In the ABC letter trick of balancing chemical equations, in the 3rd step, do we need to take the largest compound in terms of atoms or in terms of elements?

Solution-

Algebric method-

This method of balancing chemical equations involves assigning algebraic variables as stoichiometric coefficients to each species in the unbalanced chemical equation. These variables are used in mathematical equations and are solved to obtain the values of each stoichiometric coefficient. In order to better explain this method, the reaction between glucose and oxygen that yields carbon dioxide and water has been considered as an example.The Algebraic Balancing Method

• In this example, the reactants are glucose (C₆H₁₂O₆) and oxygen (O₂) and the products are carbon dioxide (CO₂) and water (H₂O)
• The unbalanced chemical equation is C₆H₁₂O₆ + O₂ → CO₂ + H₂O

Step 2

Now, algebraic variables are assigned to each species (as stoichiometric coefficients) in the unbalanced chemical equation. In this example, the equation can be written as follows.

aC₆H₁₂O₆ + bO₂ → cCO₂ + dH₂O

Now, a set of equations must be formulated (between the reactant and product side) in order to balance each element in the reaction. In this example, the following equations can be formed.

The equation for Carbon

• On the reactant side, ‘a’ molecules of C₆H₁₂O₆ will contain ‘6a’ carbon atoms.
• On the product side, ‘c’ molecules of CO₂ will contain ‘c’ carbon atoms.
• In this equation, the only species containing carbon are C₆H₁₂O₆ and CO₂.

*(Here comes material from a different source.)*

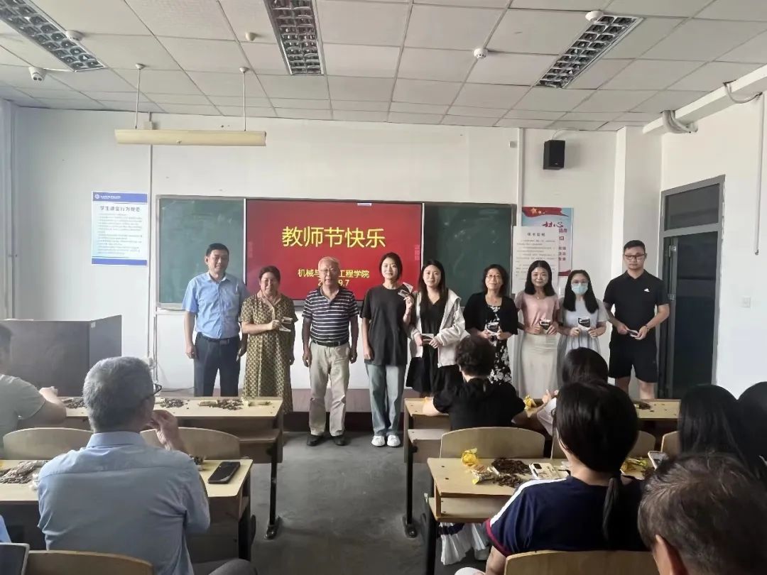 机械与汽车工程学院于9月10日在A4近思楼815教室开展教师节赠礼活动。出席本次活动的领导老师有:名誉院长常德功,党总支书记马宝同,执行院长庄新颖,党总支副书记张菲菲,教学院长修霞,办公室主任刘彦奇及其他教授教师。本次活动由庄新颖院长主持。

Therefore, the following equation can be formulated for carbon: 6a = c

 The equation for Hydrogen

• The species that contain hydrogen in this equation are C₆H₁₂O₆ and H₂
• ‘a’ molecules of C₆H₁₂O₆ contains ‘12a’ hydrogen atoms whereas ‘d’ H₂O molecules will contain ‘2d’ hydrogen atoms.
• Therefore, the equation for hydrogen becomes 12a = 2d.

Simplifying this equation (by dividing both sides by 2), the equation becomes:

 6a = d

The equation for Oxygen

Every species in this chemical equation contains oxygen. Therefore, the following relations can be made to obtain the equation for oxygen:

• For ‘a’ molecules of C₆H₁₂O₆, there exist ‘6a’ oxygen atoms.
• ‘b’ molecules of O₂ contain a total of ‘2b’ oxygens.
• ‘c’ molecules of CO₂ contain ‘2c’ number of oxygen atoms.
• ‘d’ molecules of H₂O hold ‘d’ oxygen atoms.

Therefore, the equation for oxygen can be written as:

6a + 2b = 2c+ d

Step 3

The equations for each element are listed together to form a system of equations. In this example, the system of equations is as follows:

6a = c (for carbon); 6a = d (for hydrogen); 6a + 2b = 2c + d (for oxygen)

This system of equations can have multiple solutions, but the solution with minimal values of the variables is required. To obtain this solution, a value is assigned to one of the coefficients. In this case, the value of a is assumed to be 1. Therefore, the system of equations is transformed as follows:

a = 1

c = 6a = 6*1 = 6

d = 6a = 6

Substituting the values of a,c, and d in the equation 6a + 2b = 2c + d, the value of ‘b’ can be obtained as follows:

6*1 + 2b = 2*6 + 6

2b = 12; b = 6

It is important to note that these equations must be solved in a manner that each variable is a positive integer. If fractional values are obtained, the lowest common denominator between all the variables must be multiplied with each variable. This is necessary because the variables hold the values of the stoichiometric coefficients, which must be a positive integer.

Step 4

• Now that the smallest value of each variable is obtained, their values can be substituted into the chemical equation obtained in step 2.
• Therefore, aC₆H₁₂O₆ + bO₂ → cCO₂ + dH₂O becomes: C₆H₁₂O₆ + 6O₂ → 6CO₂ + 6H₂O
• Thus, the balanced chemical equation is obtained.

The algebraic method of balancing chemical equations is considered to be more efficient than the traditional method. However, it can yield fractional values for the stoichiometric coefficients, which must then be converted into integers.